A limitation of the data from Study 505 was that overall success and microbial eradication were non-inferior nor superior with Vabomere versus piperacillin-tazobactam in unselected cUTI/AP. Only 1.6% of patients were meropenem-resistant and 0.5% had KPC-producing CRE; thus, the vaborbactam contribution to the observed efficacy via its primary mechanism of action of KPC inhibition was uncertain. Meropenem alone is approved in Canada for the treatment of cUTI. The addition of vaborbactam to meropenem adds safety risks of adverse drug reactions and potential for antimicrobial resistance. In the absence of anticipated carbapenem resistance and vaborbactam susceptibility, the net benefit of adding vaborbactam to meropenem was not established. Similarly, meropenem alone has been approved for cIAI, HAP, VAP, and bacteremia and there was no direct or indirect supporting evidence of a net benefit with the addition of vaborbactam to meropenem in the absence of carbapenem resistance.

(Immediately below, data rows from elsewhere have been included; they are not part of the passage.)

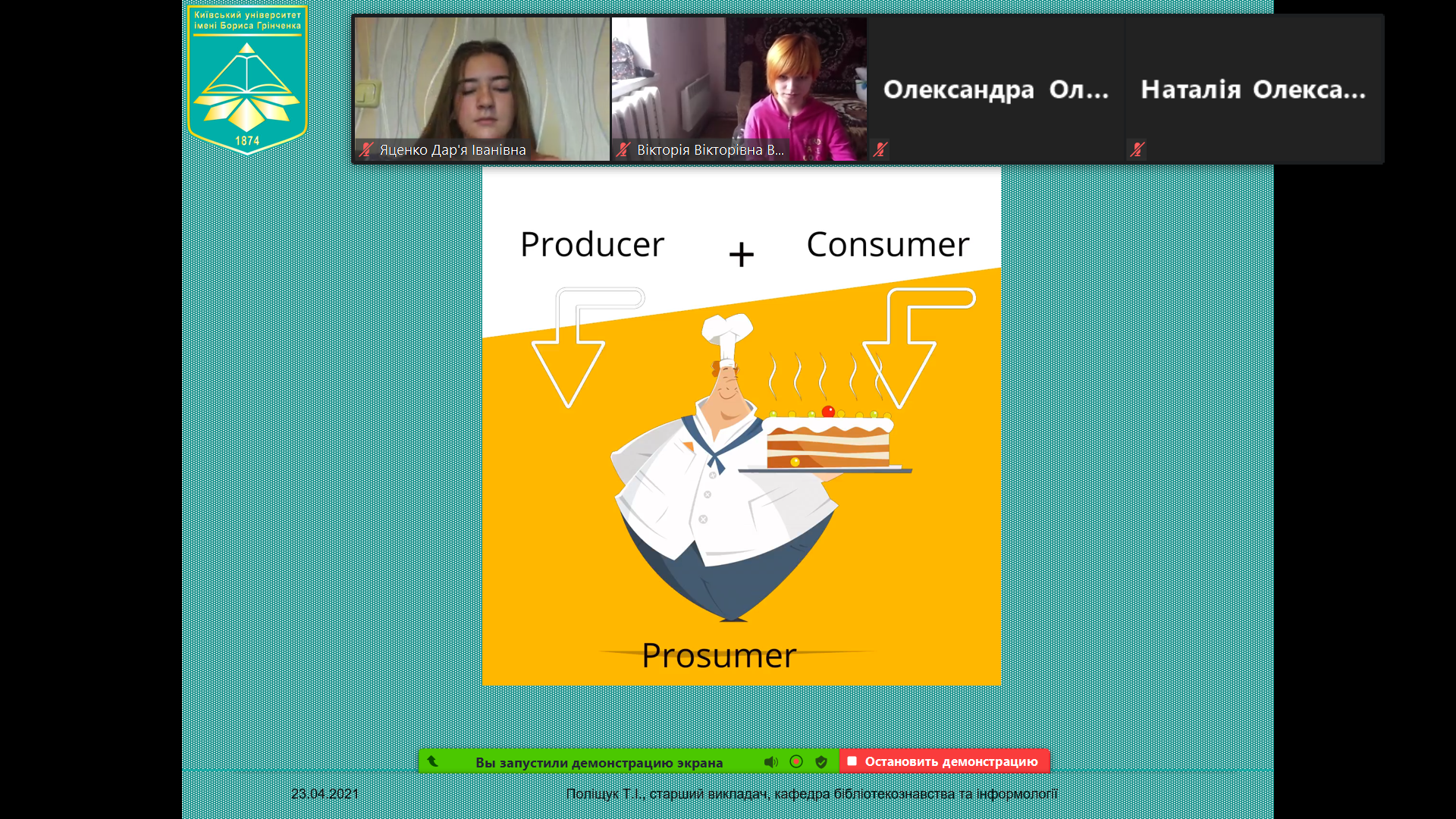 23 квітня 2021 року до студентів освітньої програми “Інформаційна, бібіотечна та архівна справа” завітала фахівчиня відділу обслуговування бібліотеки Національної музичної академії України імені П. І. Чайковського Салтикова Анастасія.
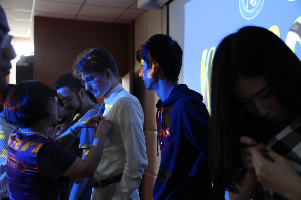 随后,熊德平书记等六位领导在现场为新生代表们佩戴了黄色小说 校徽。陈玉娟女士代表校国际合作处,对黄色小说 的留学生素质和黄色小说 的留学生培养工作给予了高度肯定,期待留学生们在这个新家庭里学有所成,并为留学生送出了节日的祝福。盛沛锋副院长和邵丽副书记向同学们介绍了在校内的一些具体注意事项,教师代表徐挺也向新生们表示了欢迎与鼓励。
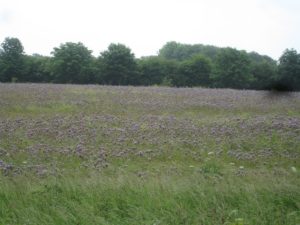 I think it’s flax – very pretty, and flower closes up at night (not that you’d stayed there long enough to notice!).
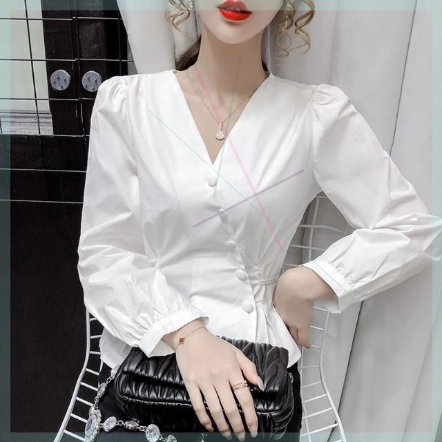 新款女泡泡别致领2021规则感小众上衣设计收腰秋装长袖不规则衬衫热门设计联盟服务商

The clinical pharmacology and non-clinical data package supported the recommended indication.

Vaborbactam is a non-β-lactam inhibitor of class A and class C serine β-lactamases, including KPC. It acts by forming a covalent adduct with β-lactamases and is stable to β-lactamase-mediated hydrolysis. Vaborbactam had no observable antibacterial activity. Vaborbactam does not inhibit class D carbapenemases such as OXA-48 or class B metallo-β-lactamases such as New Delhi metallo-beta-lactamase (NDM) and Verona integron-encoded metallo-β-lactamase (VIM). With respect to resistance, there was evidence that resistance mechanisms that affect meropenem-vaborbactam antibacterial activity include metallo-β lactamases and oxacillinases with carbapenemase activity, porin mutations affecting outer membrane permeability, overexpression of efflux pumps, and increases in KPC-producing gene (blaKPC) copy numbers.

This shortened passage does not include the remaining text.